One of the hallmarks of molecular gastronomy is presenting dishes in a way that allows diners to complete the final preparations themselves, such as drizzling sauce over a main course or dropping ingredients into a bowl of soup. Bercero says this helps diners appreciate new cooking twists that might at first seem a bit weird. He cites as an example one of his favorites among his own creations, crab with white chocolate sauce, which doesn’t use molecular gastronomy techniques but still has diners scratching their heads.
“It sounds so strange, so I serve them separately and let people first try the crab meat, and then add the white chocolate sauce so they will be able to understand the change. You can see how you can shift the taste of a traditional recipe with only one ingredient,” says Bercero.
Bercero is also willing to make compromises for diners unfamiliar with the results of molecular gastronomy techniques. He once made a dish with mussels that used water from the inside of the shell to create foam with large bubbles around the mussel meat.
“I served it to a good friend of mine who is a customer and he told me that the look was like spit. After thinking about it, I thought, ‘yeah, it is,’” says Bercero good-humoredly. “Even though the taste was so good and the texture was so nice, we stopped selling it because we were like, ‘yeah, you are right.’”

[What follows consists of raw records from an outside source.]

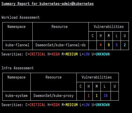 kubernetes(также можно использовать алиасk8s) – запуск сканирования кластера Kubernetes; -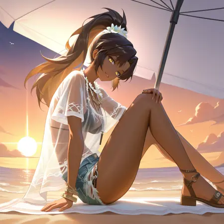 YotoHime, Yhm_Swm, long hair, dark brown hair, high ponytail, hair tie, dark skin, dark-skinned female, see-through shirt, pearl necklace, multiple necklaces, pendant, bracelet, flower necklace, see-through midriff, white flower, white hawaiian shirt, denim shorts, cyan shorts, o-ring thigh strap, long shirt, black bikini, bikini top only, bikini under clothes,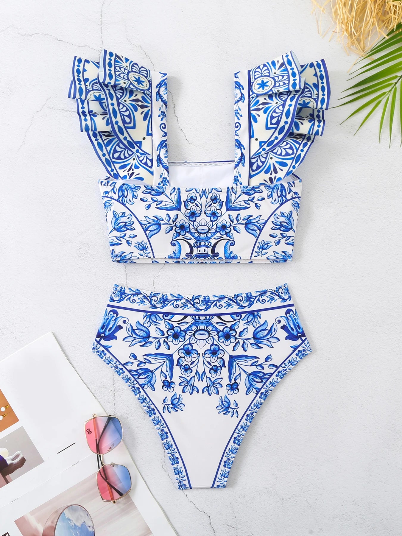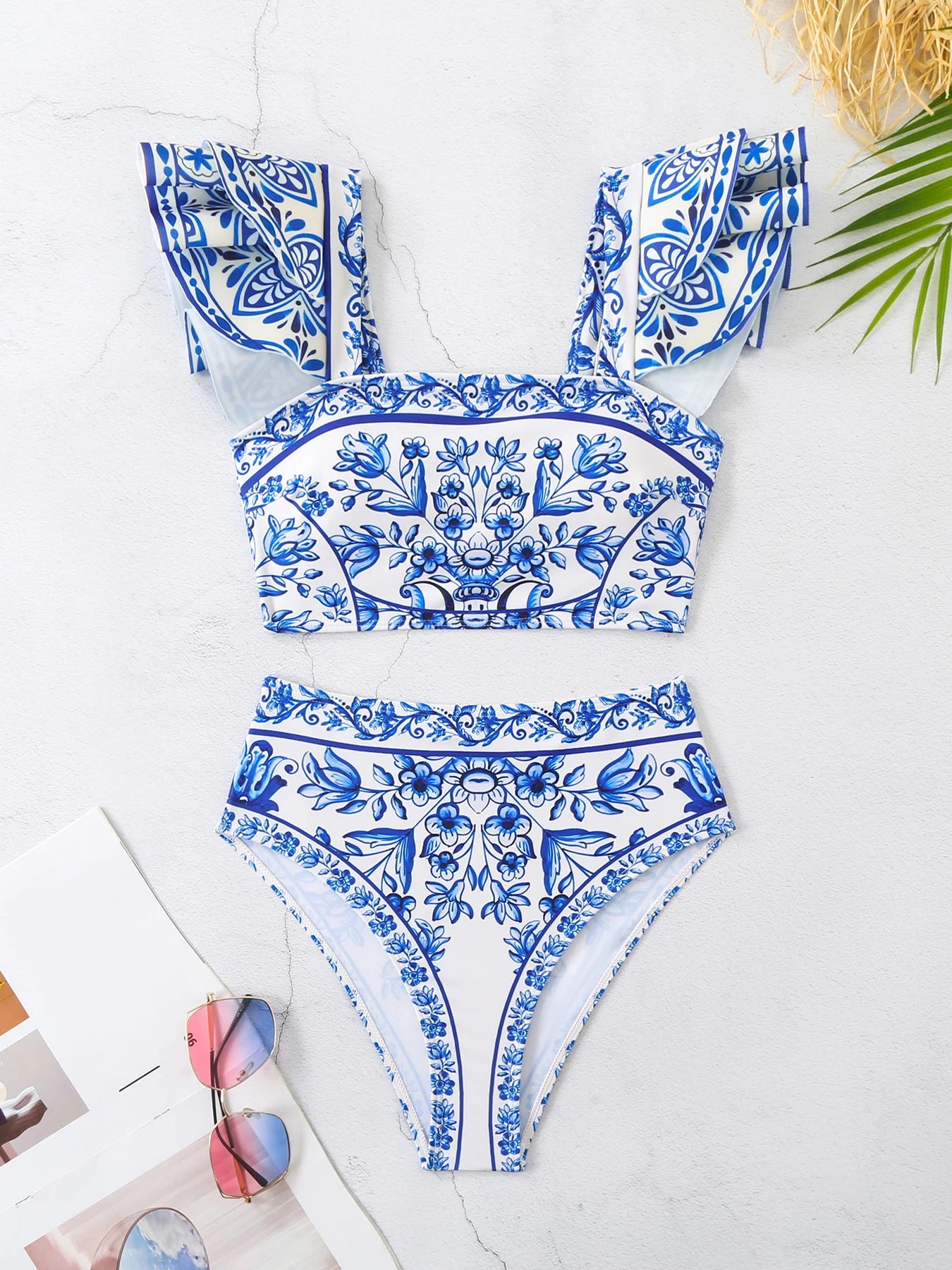 Ruffle Shoulder Bikini Set Women Two-Piece Swimsuit Trend New Sexy Women`s Bathing Bodice Beach Suit Biquini Female Clothes

Despite making a few adjustments to his menu to suit the market, Bercero says he appreciates the adventurousness nature of his Taiwanese customers, who rarely refuse to try anything he offers them.
“No one says ‘no, I’d prefer not to try this.’ They all say, ‘I’ll try that,’”
says Bercero.
Living and working in Taiwan has also inspired Bercero to lend an Eastern twist to his new creations, including fresh takes on tea eggs, beef noodles and other Taiwanese favorites. Some of these recipes will be included in an upcoming book that Bercero is working on.
Despite his obvious enthusiasm for the innovations made possible by molecular gastronomy, Bercero stresses that the taste of a dish ultimately trumps its novelty.
“For me molecular gastronomy is just the garnish. It’s used to join the main ingredients. It’s not just about the foam or the bubbles. Its purpose is to bring a twist to a classical recipe and to introduce a new shape, a new texture or a new way to eat,” says Bercero.